Hull queries are linear in extremes, not the whole hull. Use ternary search on the convex (x-sorted, hill-shaped) projection of A·x + B·y onto the hull.
Sketch caveat. The snippet shows the CDQ skeleton and per-slice query logic, but a complete submission must merge YES/NO across all slices that contain points before the query — the production code keeps a per-query "still YES" flag updated across recursion levels.
(A, B) ≠ (0, 0) is guaranteed; you don't need to handle the trivial line C = 0 specially.

What Gold February 2015 was actually testing

P1 — DP with per-colour structure.
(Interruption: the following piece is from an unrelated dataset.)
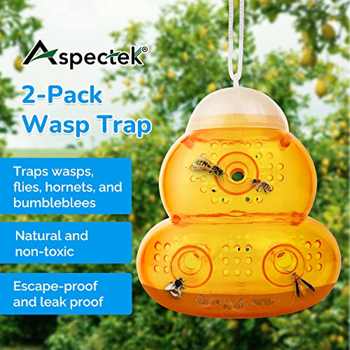 Wasp Trap 2 Pcs, Effective Bee and Wasp Nest Killer traps for Outdoor-Indoor, Yellow Jacket Traps, Bee trap, Hornet Trap, Lightweight Wasps Catcher, Hourglass-Shaped ASPECTEK Fly control
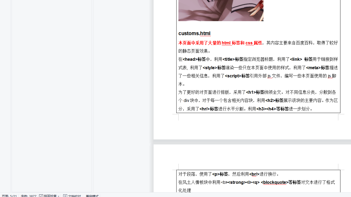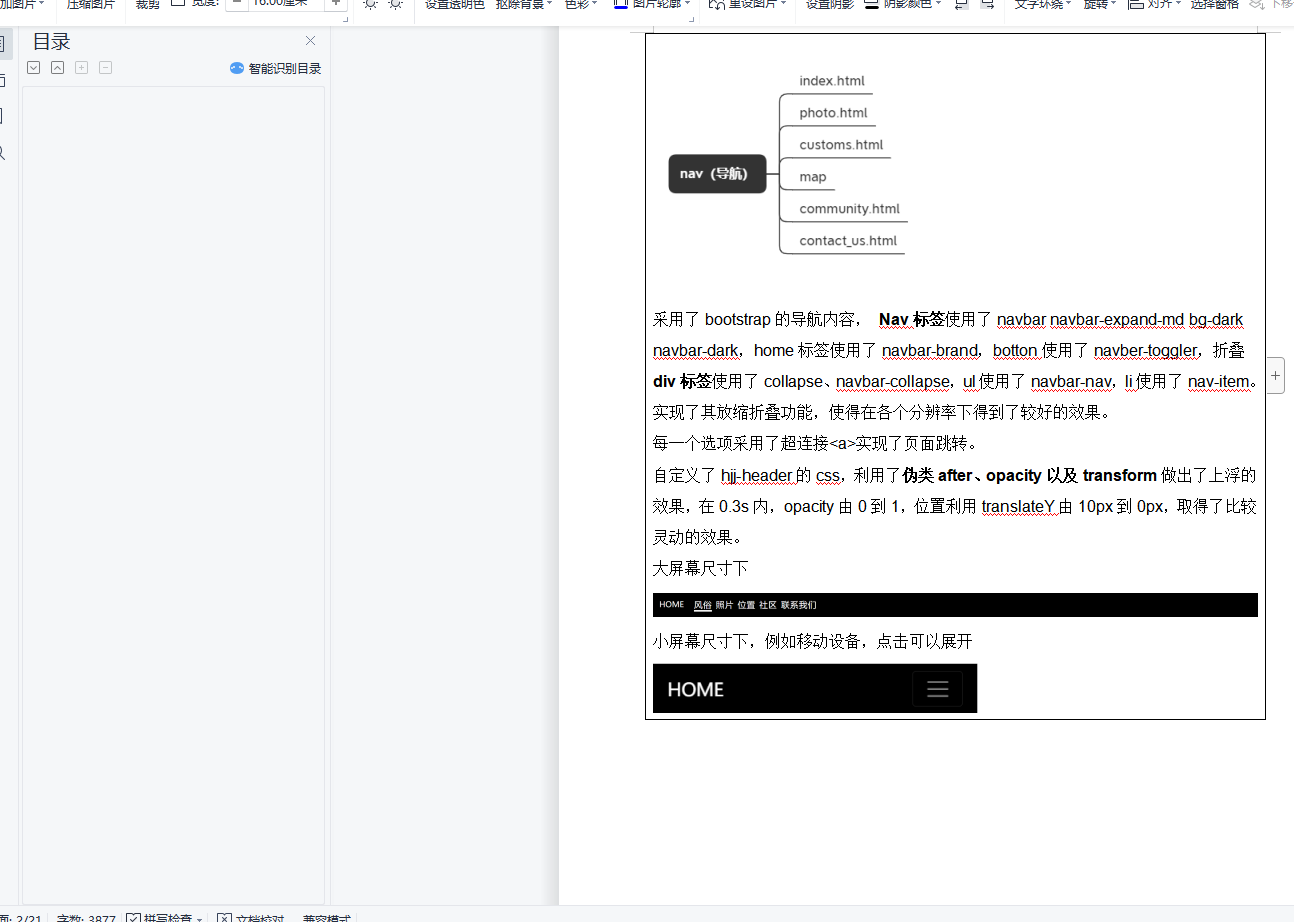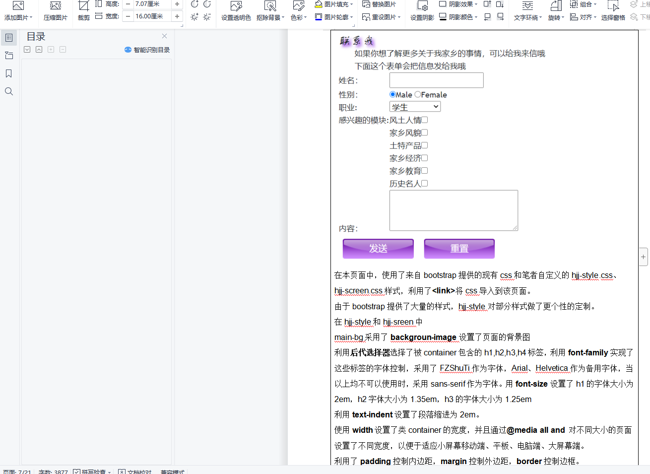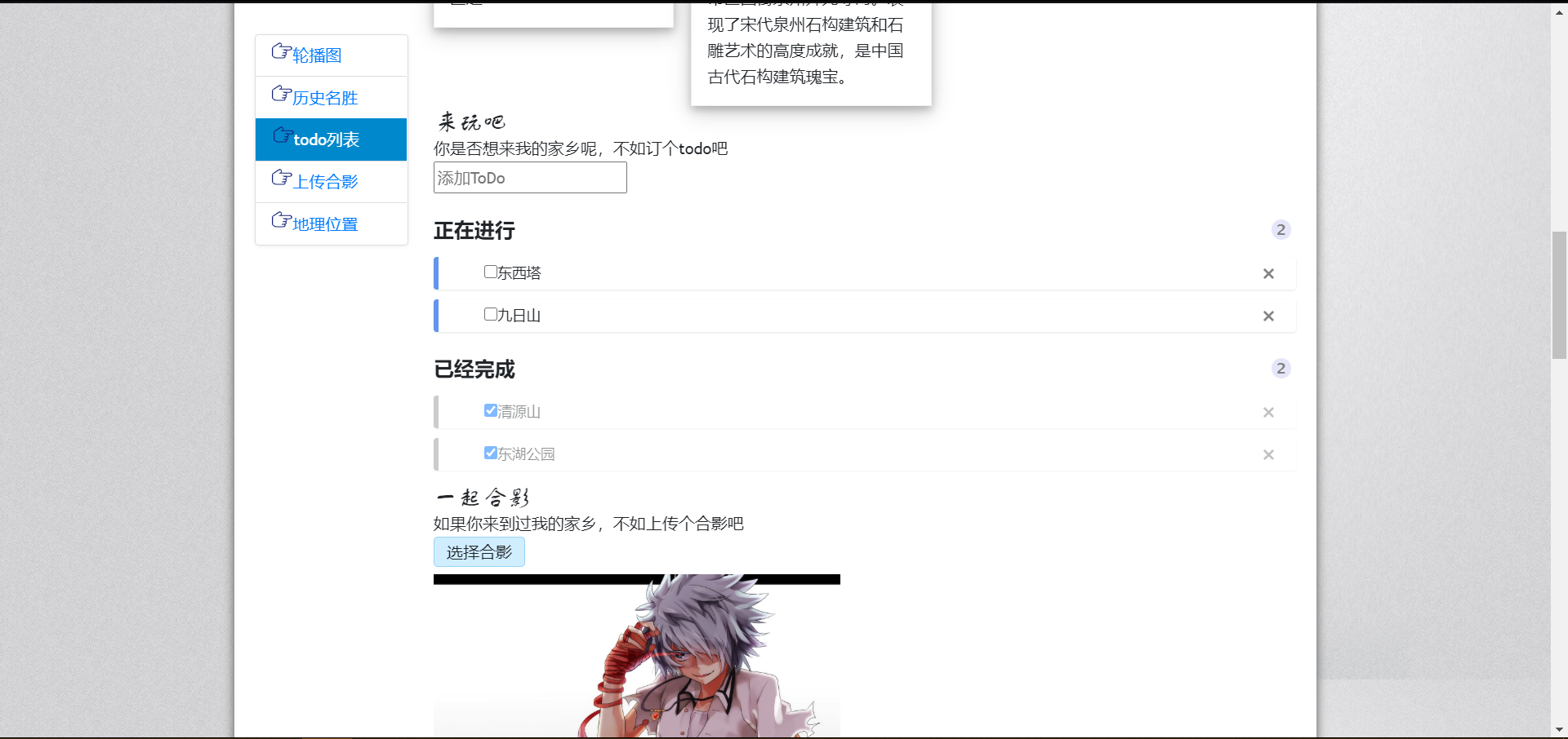 实验概述【实验目的及要求】我的家乡详细介绍自己的家乡,要求包括以下部分板块:风土人情、家乡风貌、家乡土特产品、家乡经济、家乡教育、文化传承、历史名人大事、历史名胜古迹、家乡社区与论坛要求模拟一个简单的论坛,完成的功能包括:1、各板块的静态页面,参考实验一和实验二2、页面中的各种动态效果和交互,如家乡图片的切换显示,可以使用JS插件或者HTML5实现3、家乡所在位置的地图显示,参考实验七4、论坛可以发帖、回帖、删除,所输入的内容在页面上有显示(不需要保存到数据库),参考实验五和实验六以上内容,只需要使用HTML、CSS、Javascript(包括Prototype或者JQuery等库)、Cookie、Google Maps等知识,不需要使用PHP的相关知识评分标准:源文件(20%),实验报告(20%),使用网页集进行完成(10%),文字、图片等内容正常排版(15%),具备JS交互功能(10%),正确显示地图(10%),简单论坛功能(15%)。其它未规定的功能酌情加分(10%)。美观度额外加分(5%)。总分不超过100分。【实验环境】操作系统:Windows 10浏览器:chrome 83.0.4103.106、firefox 68.9.0esr、 Edge、小米手机浏览器、firefox lite手机版

Subtract per-colour prefix from total prefix; 2D BIT per colour to fit in memory and time.
P2 — Aho–Corasick with deletion. Generalises Silver KMP-with-deletion to a pattern set.
P3 — offline online-convex-hull via CDQ. Standard "insert + extreme-direction query" recipe; appears in many later Gold/Platinum rounds.